Requirement:
Find the line that holds "Trong hợp đồng" in the material below. Output that line and each one after it exactly, but not the pictures.

Data section:
********
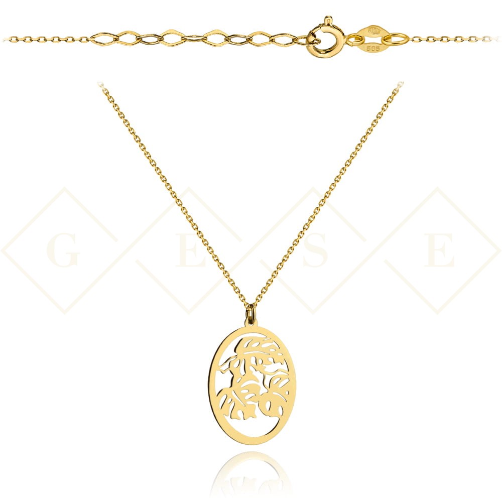 Precyzyjnie wykonany złoty naszyjnik próby 585. Łańcuszek ankier z modną zawieszką.
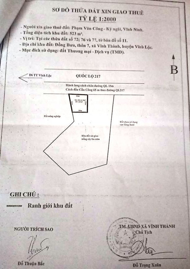Trong hợp đồng được Trưởng Phòng TN-MT Nguyễn Văn Công (đại diện chính quyền) đứng ra cho ông Phạm Văn Công thuê 523 m2 đất tại xã Vĩnh Thành (huyện Vĩnh Lộc) có hồ sơ nêu rõ khu đất được thuê có chiều rộng mặt đường Quốc lộ (QL) 217 là 25 m (phía trong là 20 m2) và có chiều sâu là 24 và 23 m.
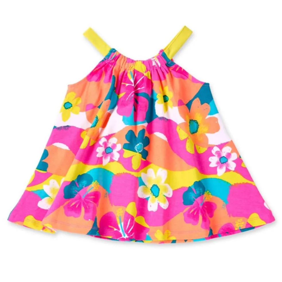 Easy to wear jersey floral print sundress with contrasting yellow straps and elasticated round the neckline for a better fit.
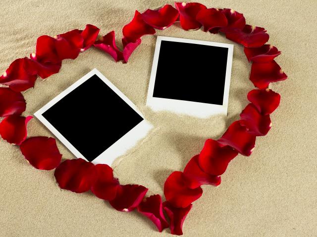 Обои Сердце из лепестков роз на песке с шаблонами для фото
********
Your solution:
Trong hợp đồng được Trưởng Phòng TN-MT Nguyễn Văn Công (đại diện chính quyền) đứng ra cho ông Phạm Văn Công thuê 523 m2 đất tại xã Vĩnh Thành (huyện Vĩnh Lộc) có hồ sơ nêu rõ khu đất được thuê có chiều rộng mặt đường Quốc lộ (QL) 217 là 25 m (phía trong là 20 m2) và có chiều sâu là 24 và 23 m.
 Easy to wear jersey floral print sundress with contrasting yellow straps and elasticated round the neckline for a better fit.
 Обои Сердце из лепестков роз на песке с шаблонами для фото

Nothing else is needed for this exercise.